Call make-NAME to create an instance of the structure (with one initialization-argument for each slot, in the listed order).
(NAME? STRUCT) tests any object for being an instance of this structure.
Slots are accessed via (NAME-SLOTNAME STRUCT) and updated using (NAME-SLOTNAME-set! STRUCT VALUE).
(define-record point x y) (define p1 (make-point 123 456)) (point? p1) ==> #t (point-x p1) ==> 123 (point-y-set! p1 99) (point-y p1) ==> 99
SLOTNAME may alternatively also be of the form
In this case the slot can be read with (NAME-SLOTNAME STRUCT) as usual, and modified with (set! (NAME-SLOTNAME STRUCT) VALUE) (the slot-accessor has an associated SRFI-17 "setter" procedure) instead of the usual (NAME-SLOTNAME-set! STRUCT VALUE).
(define-record point (setter x) (setter y)) (define p1 (make-point 123 456)) (point? p1) ==> #t (point-x p1) ==> 123 (set! (point-y p1) 99) (point-y p1) ==> 99
define-record-type[syntax] (define-record-type NAME (CONSTRUCTOR TAG ...) PREDICATE (FIELD ACCESSOR [MODIFIER]) ...)
SRFI-9 record types. For more information see the documentation for SRFI-9.
As an extension the MODIFIER may have the form (setter PROCEDURE), which will define a SRFI-17 setter-procedure for the given PROCEDURE that sets the field value. Usually PROCEDURE has the same name is ACCESSOR (but it doesn't have to).
define-record-printer[syntax] (define-record-printer (NAME RECORDVAR PORTVAR) BODY ...)
[syntax] (define-record-printer NAME PROCEDURE)

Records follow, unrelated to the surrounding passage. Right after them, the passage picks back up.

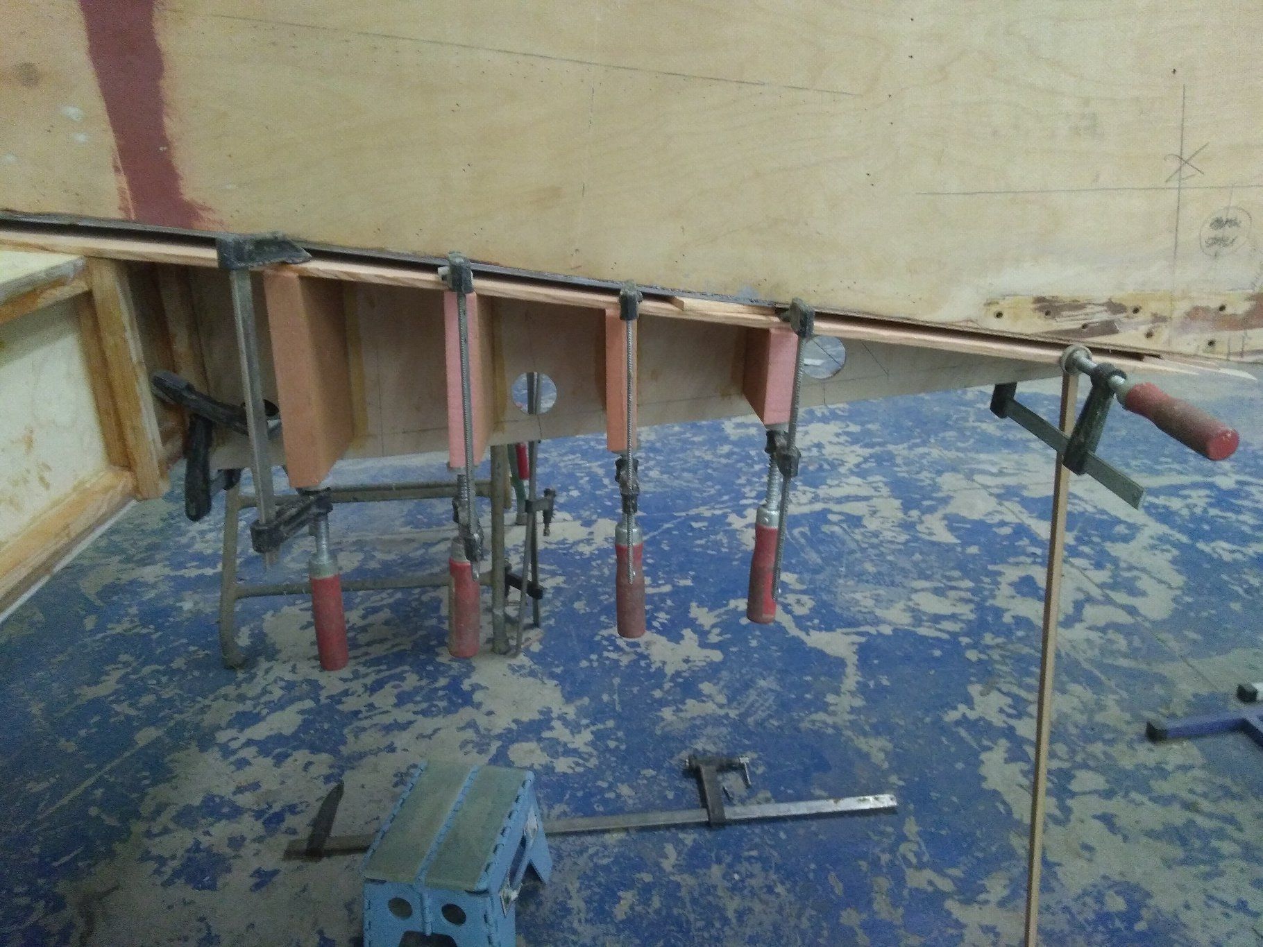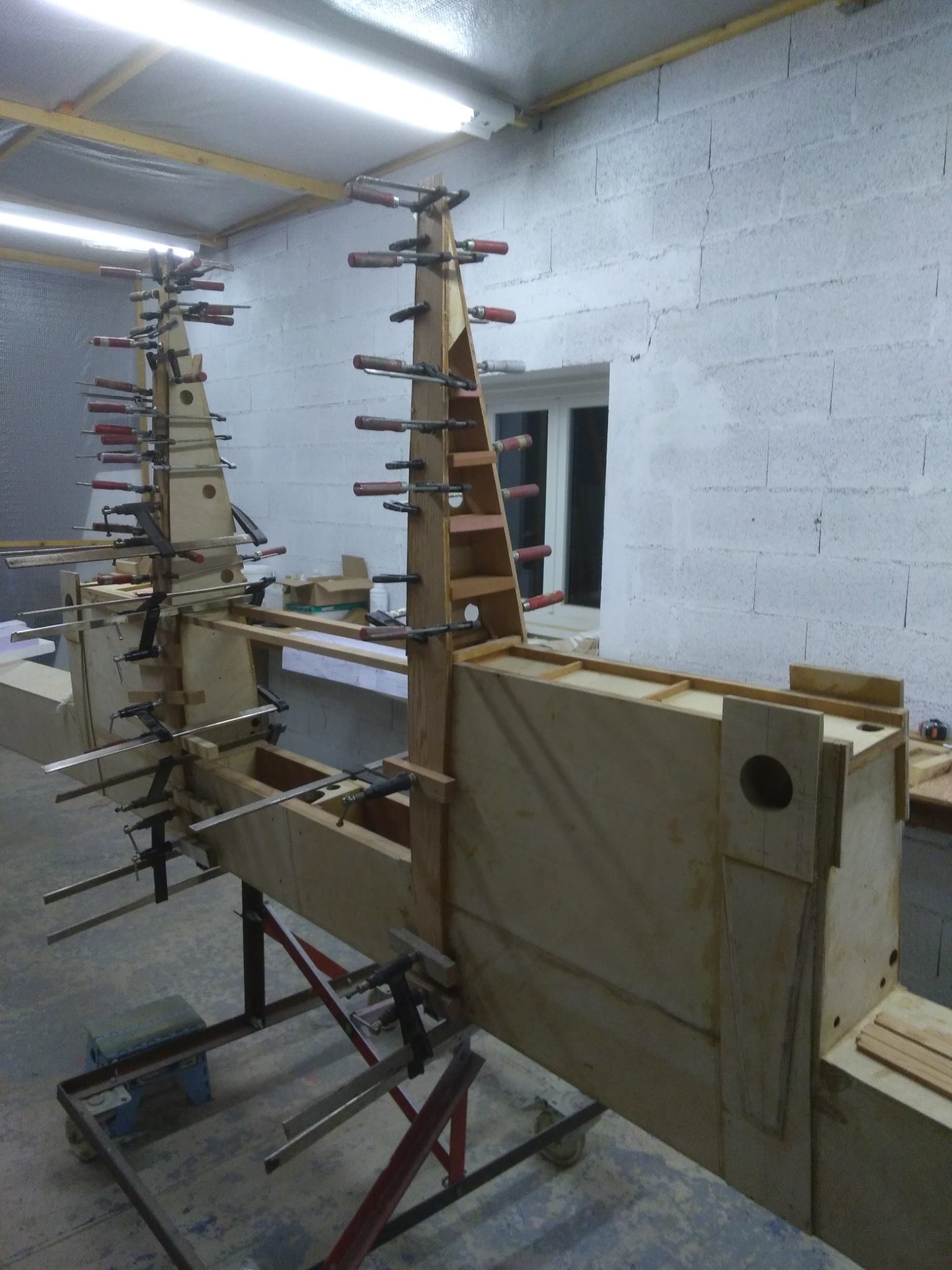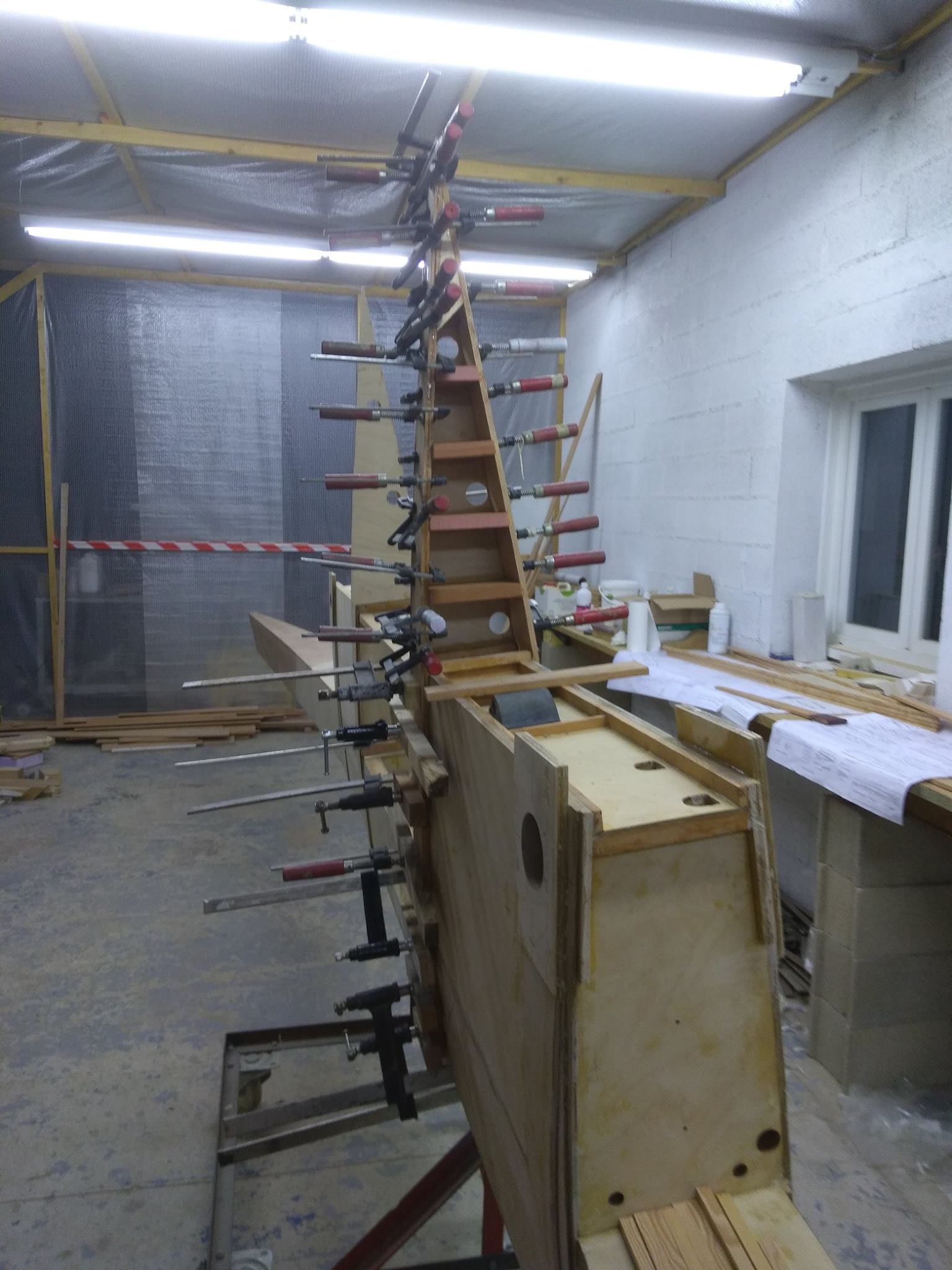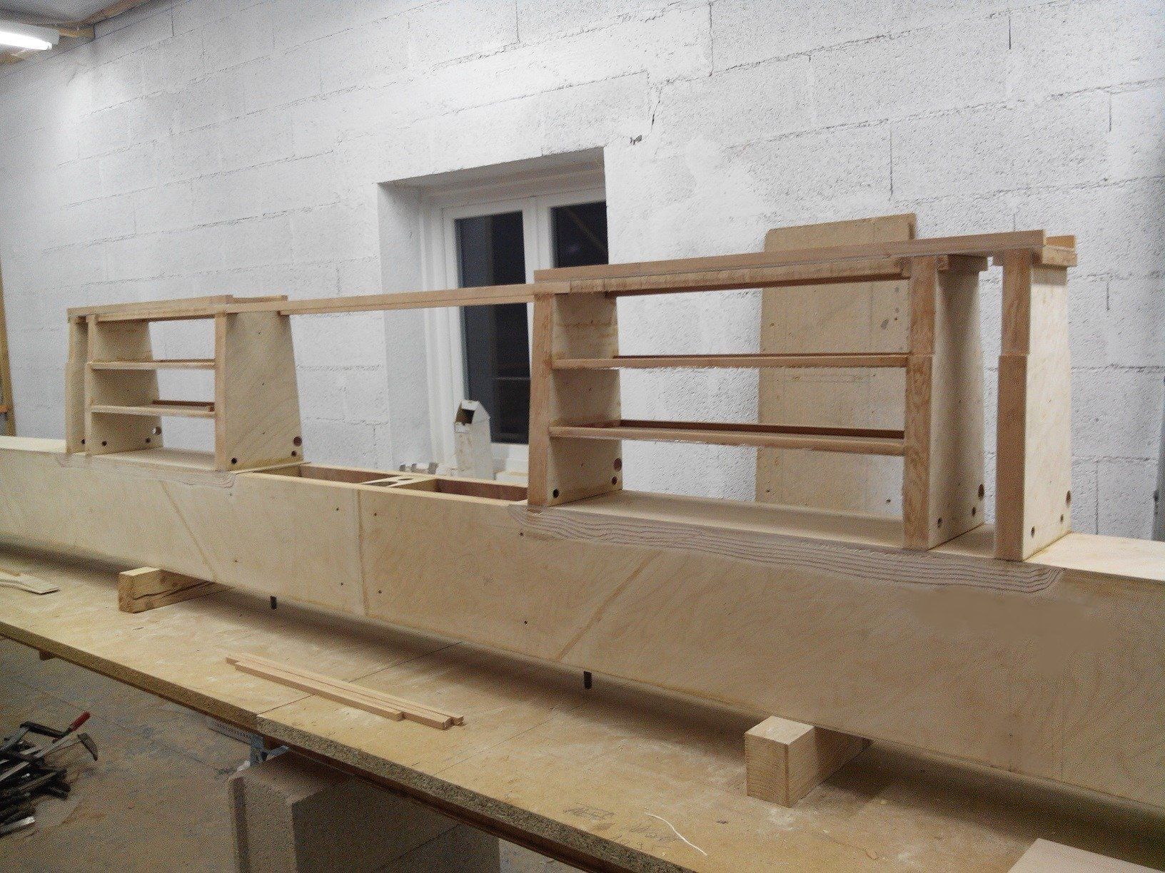 Le longeron avec début de montage des nervures N1 est de retour dans son local d'assemblage (chauffé !). Poursuite de la construction des N1, et début des N2 et FN2 (sous presse, avec les serre joints sur la table à droite)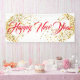 Dieses Holiday Banner wird im Indoor-Stil gezeigt, in Weiß mit rotem "Happy New Year"-Text in einem extravaganten Drehbuch mit zwei goldfarbenen Wirbel von Sternen auf jedem Ende gezeigt. Wählen Sie aus dem Innen- oder Außenbereich, mit oder ohne Kräutern. Passen Sie an oder kaufen Sie nach Ihren Vorstellungen.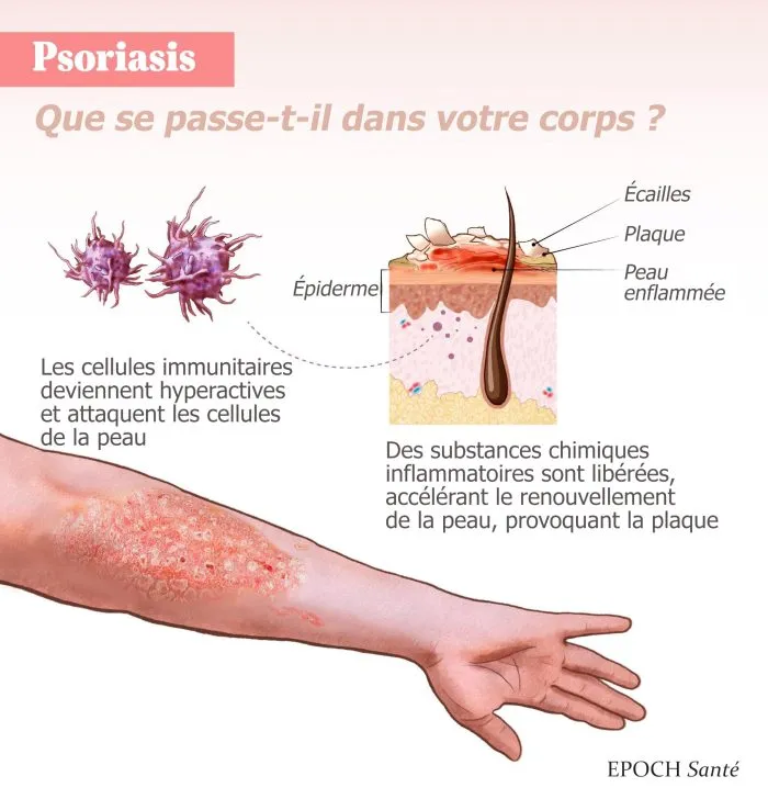 Dans le psoriasis, l’hyperactivité des cellules immunitaires déclenche une inflammation et un renouvellement rapide des cellules cutanées, ce qui entraîne la formation de plaques épaisses et squameuses à la surface de la peau. (Illustration : Epoch Times, Shutterstock)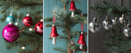 Pictured: Set of 12 Christmas baubles - £19.95 (left), Set of 6 glass toadstool decorations - £7.95 (centre), 10 Large antique style silver LED baubles - £18.95 (right)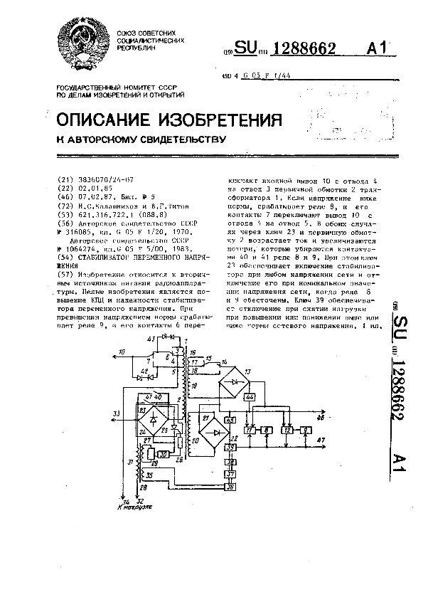 Стабилизатор переменного напряжения / Калашников Н. С., Титов В. Г. // Описания изобретений (ретрофонд) / Комитет по патентам и товарным знакам России. – М., 2003. – 1987, № 1. — (Патенты России). — Загл. с титул. экрана. — Систем. требования: Acrobat Reader. — Режим доступа: ftp://smolensklib.ru/bd/patent_ru/pt1288662.pdf. — <URL:ftp://smolensklib.ru/bd/patent_ru/pt1288662.pdf>.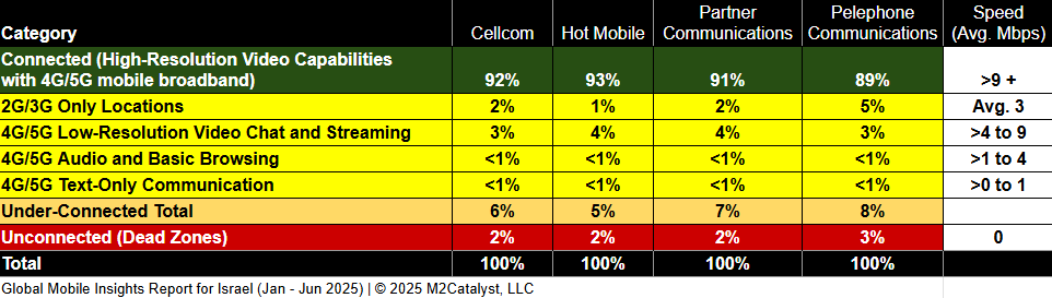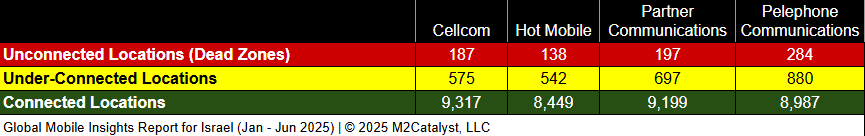 • Pelephone Communications has the greatest under-connected location percentage at 8%.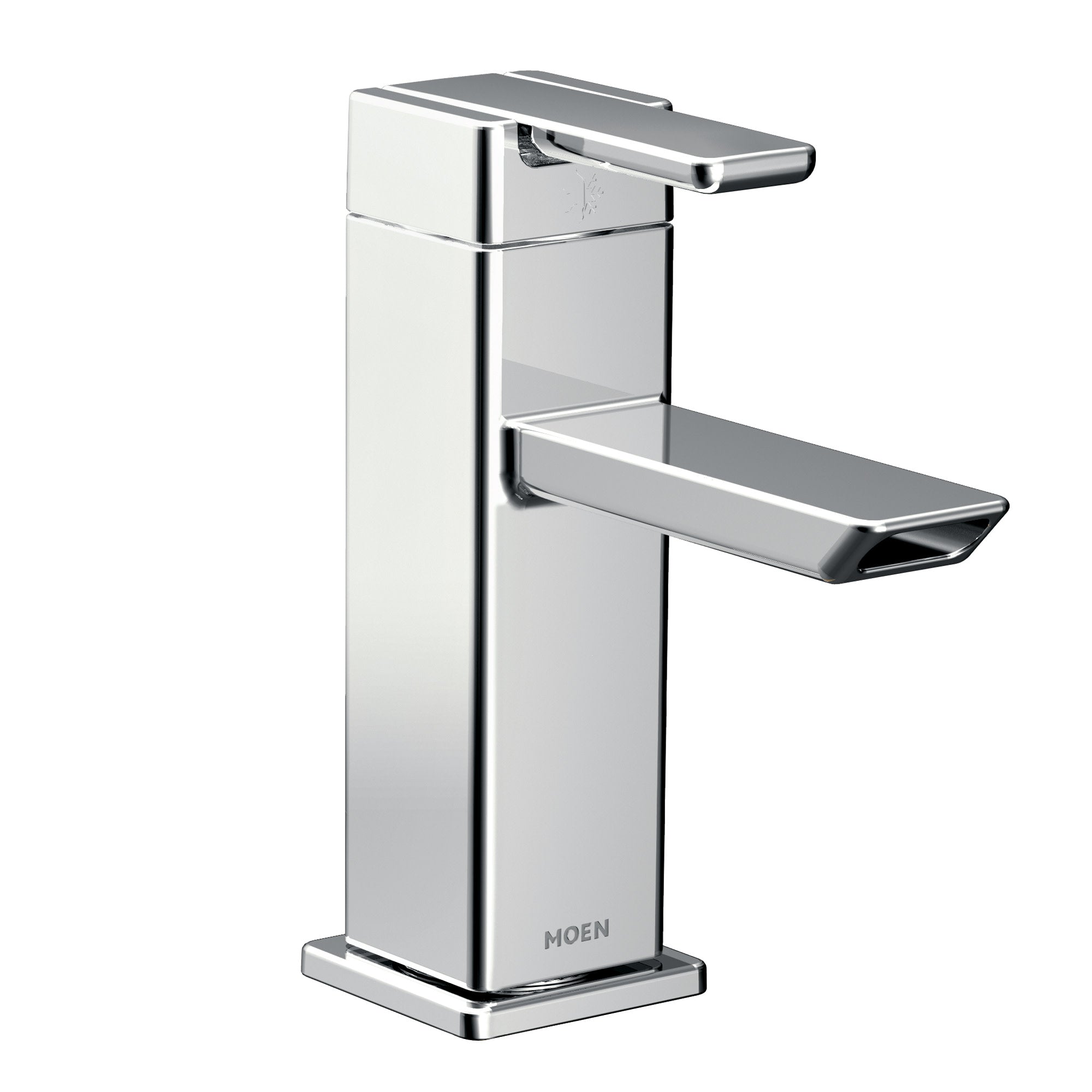 The Moen S6701 90 Degree Single Handle Centerset Bathroom Sink Faucet offers a modern design with functionality. This faucet features a single lever handle that simplifies water flow and temperature adjustments. The faucet is designed for a single hole mount, providing a sleek look that fits various countertops.

Defines a printing method for record of the type NAME by associating a procedure with the record type. When a record of this type is written using display, write or print, then the procedure is called with two arguments: the record to be printed and an output-port.
(define-record-type foo (make-foo x y z) foo? (x foo-x) (y foo-y) (z foo-z)) (define f (make-foo 1 2 3)) (define-record-printer (foo x out) (fprintf out "#,(foo ~S ~S ~S)" (foo-x x) (foo-y x) (foo-z x)) ) (define-reader-ctor 'foo make-foo) (define s (with-output-to-string (lambda () (write f)))) s ==> "#,(foo 1 2 3)" (equal? f (with-input-from-string s read))) ==> #t
assert[syntax] (assert EXP [STRING ARG ...])
Signals an error if EXP evaluates to false. An optional message STRING and arguments ARG ... may be supplied to give a more informative error-message. If compiled in unsafe mode (either by specifying the -unsafe compiler option or by declaring (unsafe)), then this expression expands to an unspecified value. The result is the value of EXP.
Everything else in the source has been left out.